* [DIRECTIONS] Pictures are to be left out. Copy exactly, and only, the lines from the start of the entries below to the line with "美國紐約的網(wǎng)友K", both included.

* [GIVEN ENTRIES]
========================================

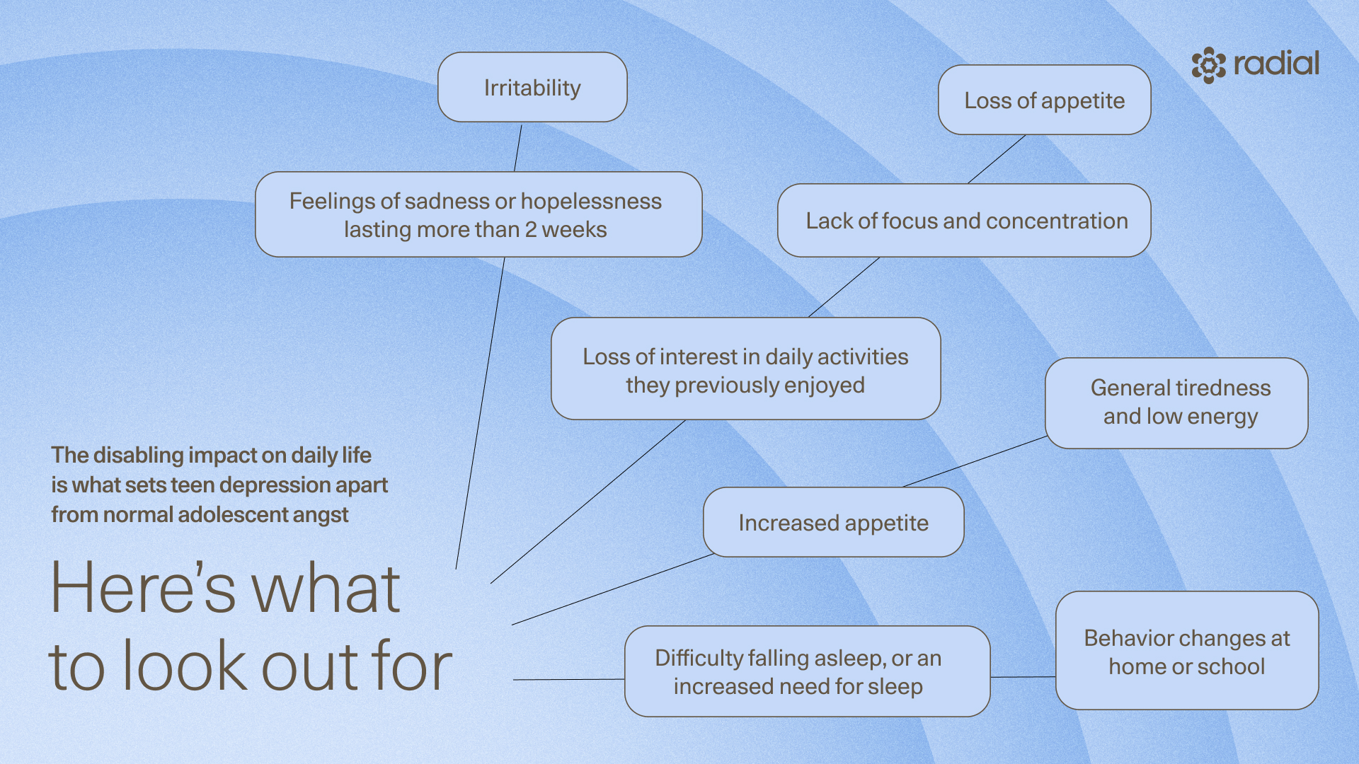 It’s important for family members to be mindful of the signs of this mental health condition because severe depression in teens may lead to them considering or planning for suicide.
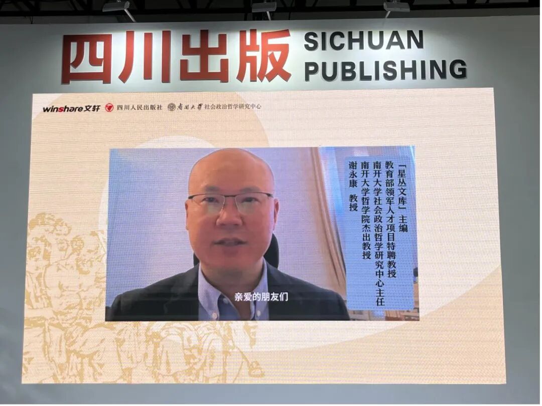 “星丛文库”主编,南开大学哲学院谢永康教授发表视频寄语。谢永康教授首先表达了对各界支持的感谢,并对文库的未来寄予厚望。他指出,“星丛”之名的寓意,在于承认思想世界的多样性与关联性——每一部经典、每一种理论都如一颗独特的星辰,它们彼此辉映、相互界定,共同构成人类精神的灿烂星空。文库的八大板块设计,正是试图绘制一幅引导学术探索的初步“星图”,其目的不仅是汇集文本,更是为了揭示思想之间的脉络与张力。
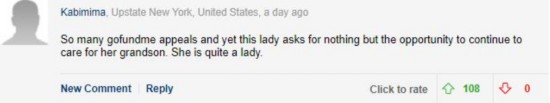 美國紐約的網(wǎng)友Kabimima:“眾籌平臺(tái)GoFundMe上有各種訴求,而這位女士卻沒有要求任何東西,只是想要能夠繼續(xù)送她的孫子上學(xué)。她真是了不起!
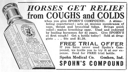 "At the first sign of a cough or cold in your horse, give a few doses of "Spohn's". It will act on the glands, eliminate the disease germ and prevent further destruction of body by disease. Spohn’s has been the standard remedy for Distemper, Influenza, Pink Eye, Catarrhal, Fever, Coughs and Colds for a quarter of a century. Price 60 cents & $1.15 per bottle at all Drug Stores. SPOHNS MEDICAL Co. Goshen, Indiana." It was heralded as being for horses, mules, dogs and rabbits as well as poultry. For those who had yet to try it, a free bottle was available simply for the asking. Most horse people also kept a bottle of this product nearby.
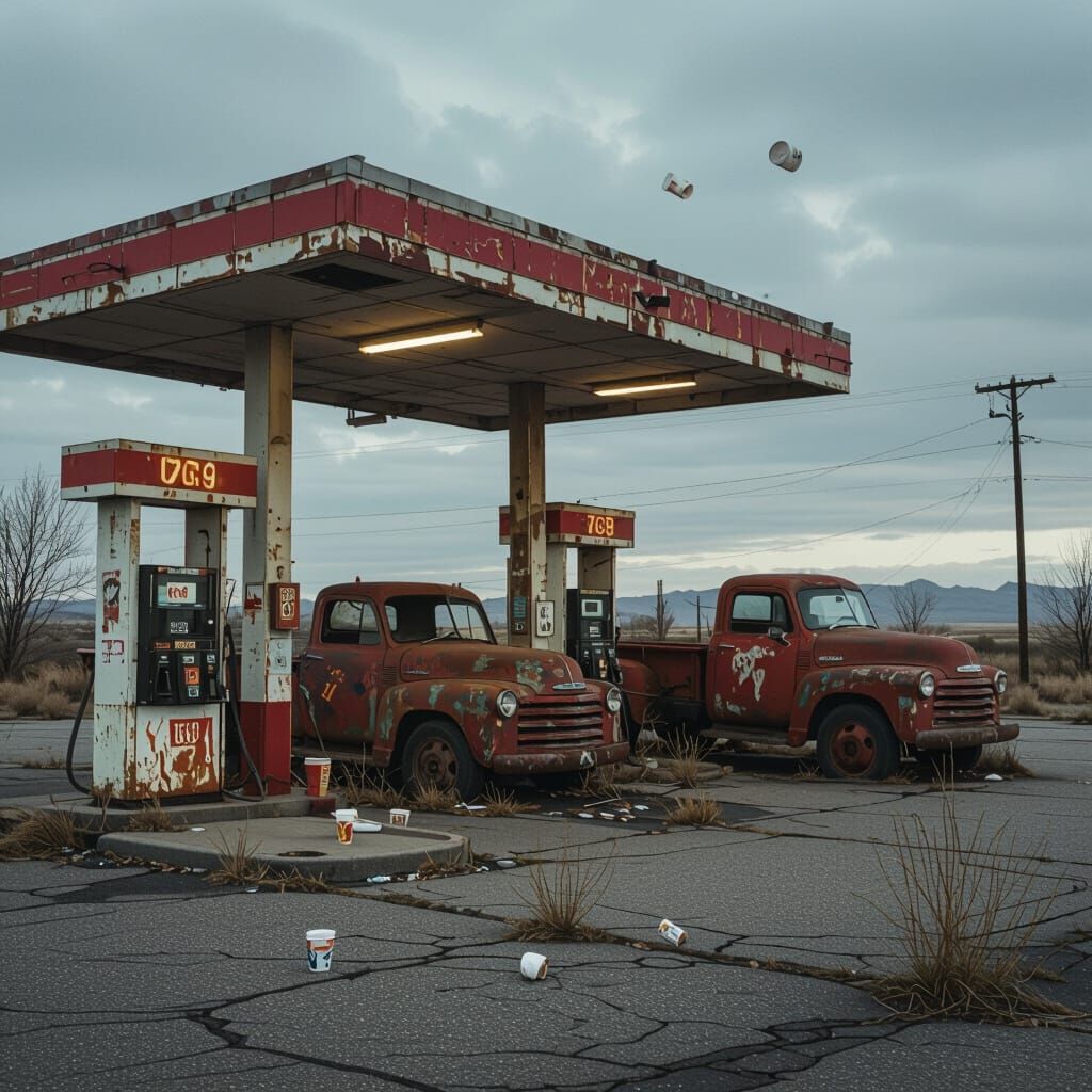 This image shows an abandoned gas station two days after humanity's disappearance. Trucks are parked haphazardly, fuel pumps are decaying, and the scene is rendered with photorealistic atmospheric decay in a post-apocalyptic style.
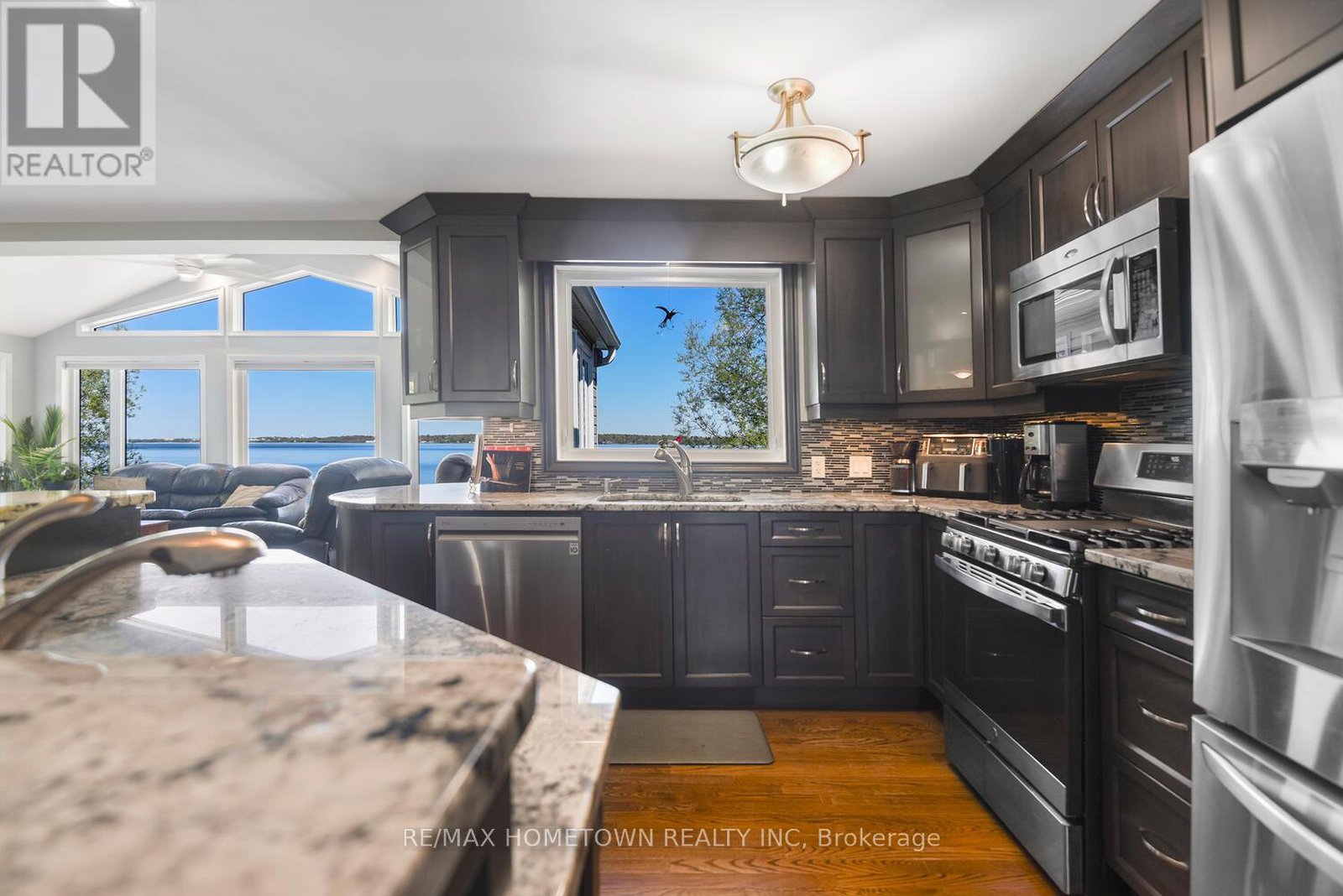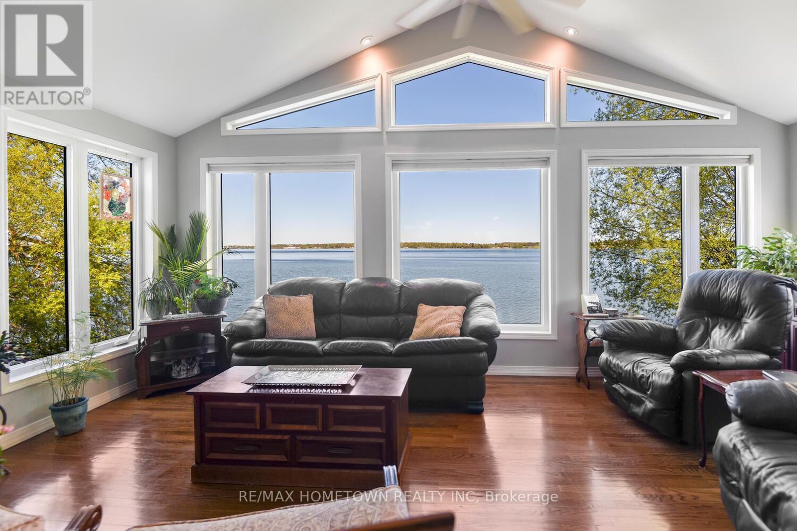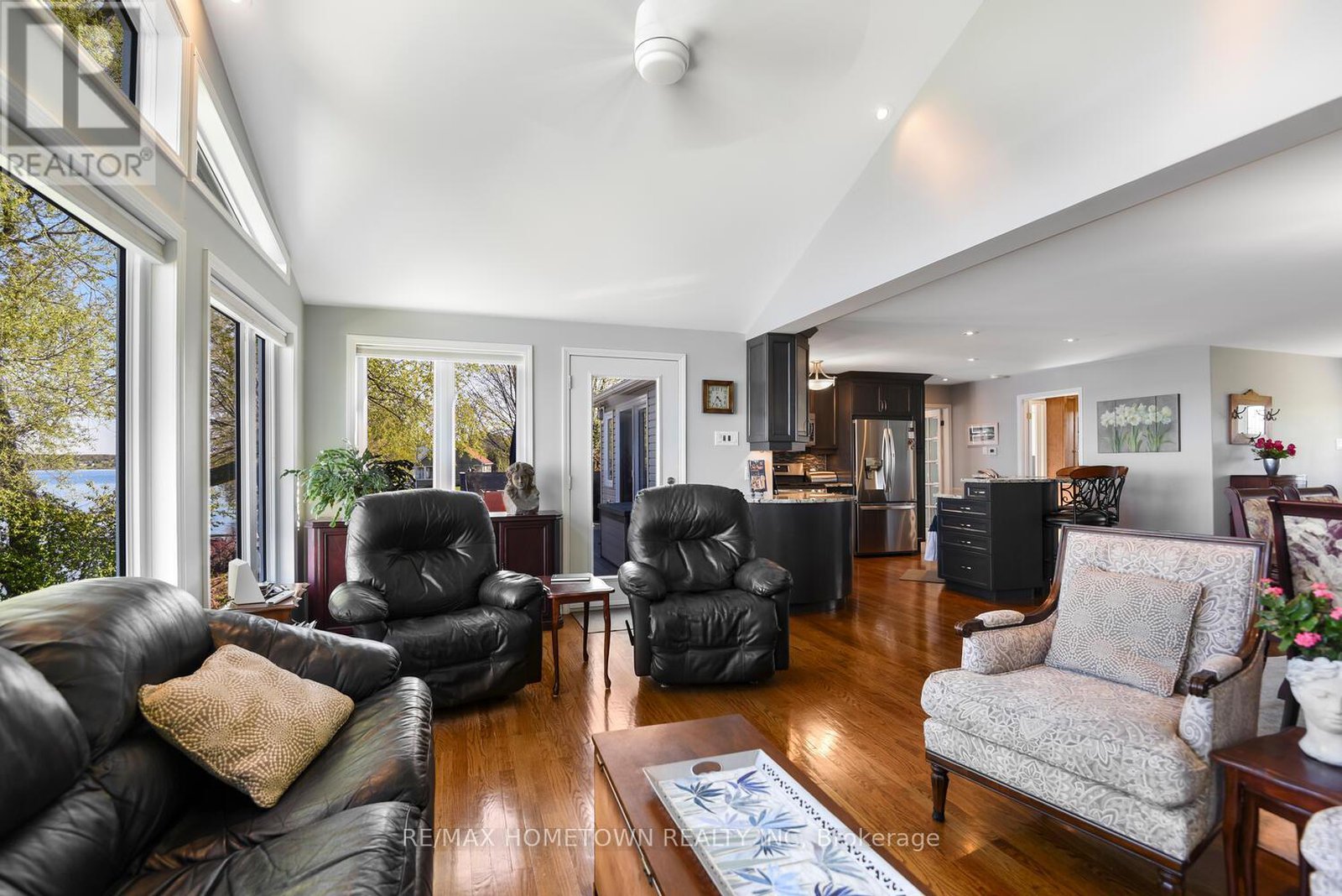 Welcome to 1435 County Road 2, a rare find on the beautiful St. Lawrence River! If you're looking for peaceful waterfront living, step inside and be instantly greeted with a full view of the river through a wall of large windows. Open-concept living and dining areas. The built-in wall unit includes a buffet, china cabinets, lighting, and lots of storage. Custom walnut kitchen with a generous island, including a prep sink and seating, designed for creating great meals and gathering with friends. Just off the kitchen is a 3-piece bath with a walk-in shower and a separate laundry room with a built-in ironing board. 2-car oversized garage with workshop area.The primary bedroom offers built-in drawers and cupboards and a spacious walk-in closet. Access the large deck from the living room or bedroom. Enjoy quiet mornings with coffee and an expansive river view, and watch the ships go by. Soak in the river views sitting on the deck, with a railing of glass panels and a dining area with built-in seating and storage cupboards, ideal for year-round BBQs. The lower level offers the same large windows as the main-level living room and includes two additional bedrooms, a 4-piece bath with a large soaker tub, a large walk-through storage room, and a big flexible room that can be used as a family room or office.The view may be too distracting to get much work done! Walk out to a covered patio and follow the stairs to the river to a 100 ft wide lawn, a cabin for sleeping,storing kayaks,swimming and fishing supplies. Attached is another deck for dining or lounging. Beyond the cabin is a beach area. Wildlife abounds; every day when you see the resident bald eagle sitting on its perch in the trees, ready to dive for a fish. Sometimes you'll be greeted by a heron standing on the seawall or at the beach. Watch ships and sailboats float by on the mighty St. Lawrence. Surrounding the home are vibrant, low-maintenance perennial gardens and fruit trees (apple, pear, plum,cherry, saskatoon).

========================================

* [TASK SOLUTION]
 It’s important for family members to be mindful of the signs of this mental health condition because severe depression in teens may lead to them considering or planning for suicide.
 “星丛文库”主编,南开大学哲学院谢永康教授发表视频寄语。谢永康教授首先表达了对各界支持的感谢,并对文库的未来寄予厚望。他指出,“星丛”之名的寓意,在于承认思想世界的多样性与关联性——每一部经典、每一种理论都如一颗独特的星辰,它们彼此辉映、相互界定,共同构成人类精神的灿烂星空。文库的八大板块设计,正是试图绘制一幅引导学术探索的初步“星图”,其目的不仅是汇集文本,更是为了揭示思想之间的脉络与张力。
 美國紐約的網(wǎng)友Kabimima:“眾籌平臺(tái)GoFundMe上有各種訴求,而這位女士卻沒有要求任何東西,只是想要能夠繼續(xù)送她的孫子上學(xué)。她真是了不起!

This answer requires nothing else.